- _ASSIGNED TASK_:
Please write out every entry below exactly, leaving out any pictures.

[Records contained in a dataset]
——————————
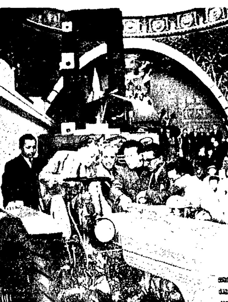
MOSCA — Una delegazione di Ceylon, guidata da sir Claude Corea, visita a Mosca l'Esposizione permanente di Agricoltura e si sotterma presso un nuovo modello di trattore

Sono passati dieci giorni, ormai, da quel 6 settembre in cui il governo di Bonn annunciò di aver aperto le porte dell'esercito agli ufficiali della S.S. fino al grado di tenente-colonnello, e il dibattito, anzi che concludersi, sta prendendo una piega sempre più animata. La discussione, per forza di cose, investe adesso tutta la politica militare, e solleva i problemi morali che non si esagera a definire drammatici. «Un cittadino tedesco», come volontari, nelle S.S.». Tutti si rendono conto, a questo punto, che i pochi, in questi «cittadini», impiecati al ministero della Difesa hanno ormai perso la partita, e non riusciranno mai a fare della Bundeswehr un esercito democratico. Nelle forze armate di Bonn domina, qui appoggiato, lo spirito del Terzo Reich. La ha riconosciuto anche la Frankfurter Rundschau, in un editoriale dal titolo «Il grande pericolo», in cui ha rivelato che nelle scuole per ufficiali ufficiali sono all'oggi le lezioni sul tema: «La patria perduta fra Weichsel e Memel».
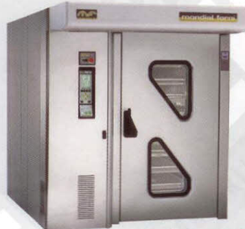
Turbomondial wagenoven zowel voor klein als grootbrood
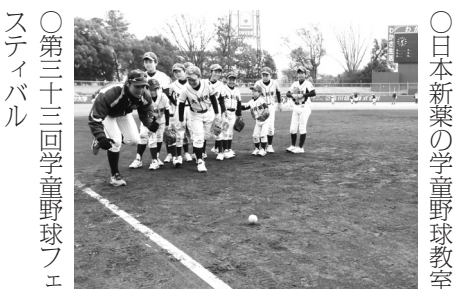
○第三十三回学童野球フェスティバル

府内各支部や連盟の代表十六チームで開催。北白川ベアーズが翔鷹少年野球クラブを六回で破り優勝を飾る。又四強には橋本クラブ(八幡市)長岡京B野球クラブ(八幡市)が入った。
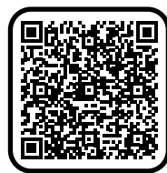
Offres de formation Maritime
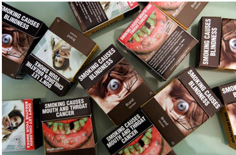
Image 4 : Réflexion en cours autour du paquet de cigarettes neutre
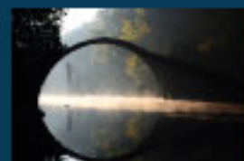
4 Rhododendronpark Kromlau / Rhododendron Park / Park Rododendronów
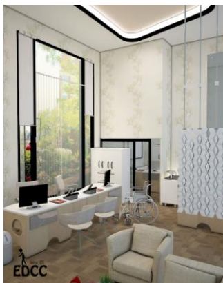
Gambar 7. Office

Aksesoris seperti roller blind dan gordyn juga dapat dimanfaatkan sebagai penghalang masuknya sinar matahari panas saat siang hari. Pencahayaan buatan digunakan saat sore menjelang malam hari dimana aktivitas EDCC dimulai dari pukul 07.30-16.30, sehingga pencahayaan buatan tidak terlalu banyak digunakan. Pencahayaan buatan terdiri dari lampu utama yaitu downlight LED dan lampu tambahan seperti spotlight dan hidden lamp (menggunakan LED strip ). Pencahayaan lampu tambahan berguna untuk memberikan aksesoris dan suasana tertentu di dalam ruang. Contoh penerapan roller blind dan hidden lamp terdapat pada ruang office .
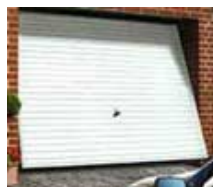
Portes de garage
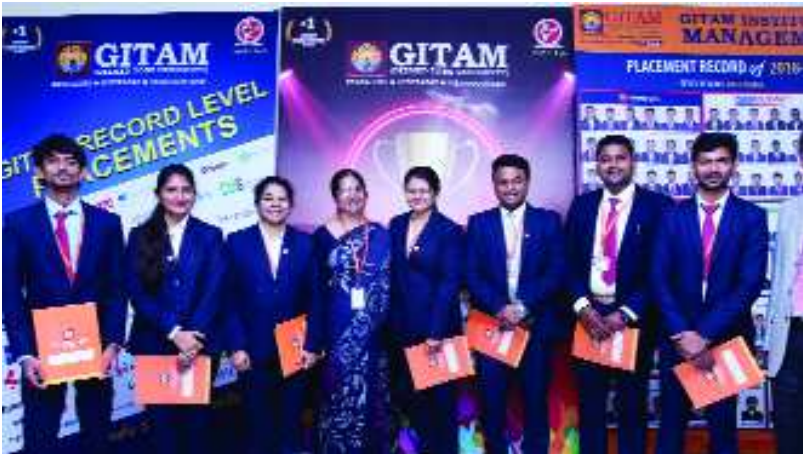
55 సంస్థలు ఉన్నాయి. ప్రాంగణ నియామకాలలో అత్యధిక వేతనం రూ.9 లక్షల రూపాయల నుంచి అభినందించారు.

సాగర్ నగర్: గీతం డీవ్స్ విశ్వవిద్యాలయం ఇనిస్టిట్యూట్ ఆఫ్ మేనేజ్మెంట్ ద్వారా ఎంబిఎ కోర్సులు అభ్యసించిన 150 మందికి ప్రాంగణ నియామకాలలో ఉద్యోగాలు సాధించారు. ప్రాంగణ నియామకాలు నిర్వహించిన సంస్థలలో స్టేట్ బ్యాంక్ ఆఫ్ ఇండియా కార్డ్స్, ఎస్ బిఐ లైఫ్, ఐసిఐసిఐ బ్యాంక్, బంధన బ్యాంక్ వంటి ప్రసిద్ధ సంస్థలతో పాటు ఇన్ వెస్కో, అమెజాన్, ఐటిసి, నెస్లే, వాల్ మార్ట్, హబ్ లెన్స్, క్రాఫ్టర్ గ్రీన్స్, ఫ్లిఫ్ కార్డ్, టివిఎస్ మోటార్స్, ముత్తూర్ పై నాస్ వంటి
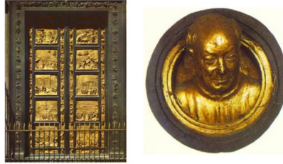
GHIBERTI, Lorenzo (b. 1378, Firenze, d. 1455, Firenze)
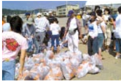
鎌倉ビーチクリーンアップ 9月19日、鎌倉市「材木座海岸」にリコーグループ社員と家族115名が集まり、ごみ拾いを行った後、サンドクラフトを楽しみました。
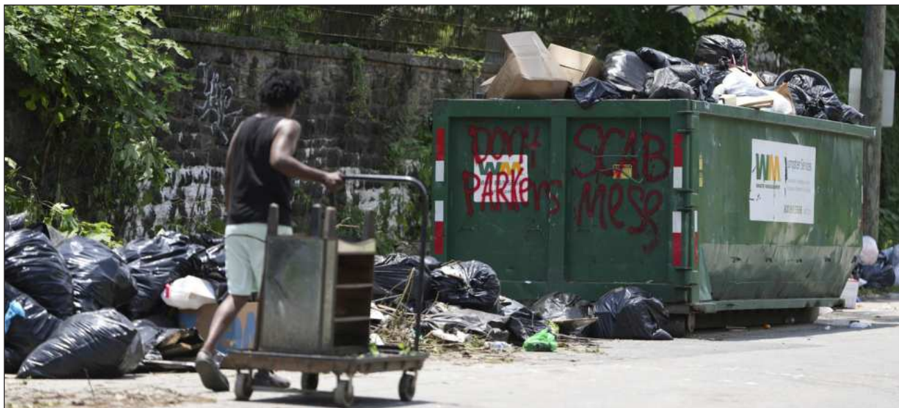
▲ De acuerdo con los datos más recientes (2022), a nivel global se generan 2 mil 600 millones de toneladas de residuos; y alrededor de 30 por ciento no se recogen, lo que agrava los riesgos para las economías locales, la salud pública y el medio ambiente.

De acuerdo con los datos más recientes (2022), a nivel global se generan 2 mil 600 millones de toneladas de residuos; y alrededor del 30 por
——————————
- _EXERCISE ANSWER_:
MOSCA — Una delegazione di Ceylon, guidata da sir Claude Corea, visita a Mosca l'Esposizione permanente di Agricoltura e si sotterma presso un nuovo modello di trattore

Sono passati dieci giorni, ormai, da quel 6 settembre in cui il governo di Bonn annunciò di aver aperto le porte dell'esercito agli ufficiali della S.S. fino al grado di tenente-colonnello, e il dibattito, anzi che concludersi, sta prendendo una piega sempre più animata. La discussione, per forza di cose, investe adesso tutta la politica militare, e solleva i problemi morali che non si esagera a definire drammatici. «Un cittadino tedesco», come volontari, nelle S.S.». Tutti si rendono conto, a questo punto, che i pochi, in questi «cittadini», impiecati al ministero della Difesa hanno ormai perso la partita, e non riusciranno mai a fare della Bundeswehr un esercito democratico. Nelle forze armate di Bonn domina, qui appoggiato, lo spirito del Terzo Reich. La ha riconosciuto anche la Frankfurter Rundschau, in un editoriale dal titolo «Il grande pericolo», in cui ha rivelato che nelle scuole per ufficiali ufficiali sono all'oggi le lezioni sul tema: «La patria perduta fra Weichsel e Memel».
Turbomondial wagenoven zowel voor klein als grootbrood
○第三十三回学童野球フェスティバル

府内各支部や連盟の代表十六チームで開催。北白川ベアーズが翔鷹少年野球クラブを六回で破り優勝を飾る。又四強には橋本クラブ(八幡市)長岡京B野球クラブ(八幡市)が入った。
Offres de formation Maritime
Image 4 : Réflexion en cours autour du paquet de cigarettes neutre
4 Rhododendronpark Kromlau / Rhododendron Park / Park Rododendronów
Gambar 7. Office

Aksesoris seperti roller blind dan gordyn juga dapat dimanfaatkan sebagai penghalang masuknya sinar matahari panas saat siang hari. Pencahayaan buatan digunakan saat sore menjelang malam hari dimana aktivitas EDCC dimulai dari pukul 07.30-16.30, sehingga pencahayaan buatan tidak terlalu banyak digunakan. Pencahayaan buatan terdiri dari lampu utama yaitu downlight LED dan lampu tambahan seperti spotlight dan hidden lamp (menggunakan LED strip ). Pencahayaan lampu tambahan berguna untuk memberikan aksesoris dan suasana tertentu di dalam ruang. Contoh penerapan roller blind dan hidden lamp terdapat pada ruang office .
Portes de garage
55 సంస్థలు ఉన్నాయి. ప్రాంగణ నియామకాలలో అత్యధిక వేతనం రూ.9 లక్షల రూపాయల నుంచి అభినందించారు.

సాగర్ నగర్: గీతం డీవ్స్ విశ్వవిద్యాలయం ఇనిస్టిట్యూట్ ఆఫ్ మేనేజ్మెంట్ ద్వారా ఎంబిఎ కోర్సులు అభ్యసించిన 150 మందికి ప్రాంగణ నియామకాలలో ఉద్యోగాలు సాధించారు. ప్రాంగణ నియామకాలు నిర్వహించిన సంస్థలలో స్టేట్ బ్యాంక్ ఆఫ్ ఇండియా కార్డ్స్, ఎస్ బిఐ లైఫ్, ఐసిఐసిఐ బ్యాంక్, బంధన బ్యాంక్ వంటి ప్రసిద్ధ సంస్థలతో పాటు ఇన్ వెస్కో, అమెజాన్, ఐటిసి, నెస్లే, వాల్ మార్ట్, హబ్ లెన్స్, క్రాఫ్టర్ గ్రీన్స్, ఫ్లిఫ్ కార్డ్, టివిఎస్ మోటార్స్, ముత్తూర్ పై నాస్ వంటి
GHIBERTI, Lorenzo (b. 1378, Firenze, d. 1455, Firenze)
鎌倉ビーチクリーンアップ 9月19日、鎌倉市「材木座海岸」にリコーグループ社員と家族115名が集まり、ごみ拾いを行った後、サンドクラフトを楽しみました。
▲ De acuerdo con los datos más recientes (2022), a nivel global se generan 2 mil 600 millones de toneladas de residuos; y alrededor de 30 por ciento no se recogen, lo que agrava los riesgos para las economías locales, la salud pública y el medio ambiente.

De acuerdo con los datos más recientes (2022), a nivel global se generan 2 mil 600 millones de toneladas de residuos; y alrededor del 30 por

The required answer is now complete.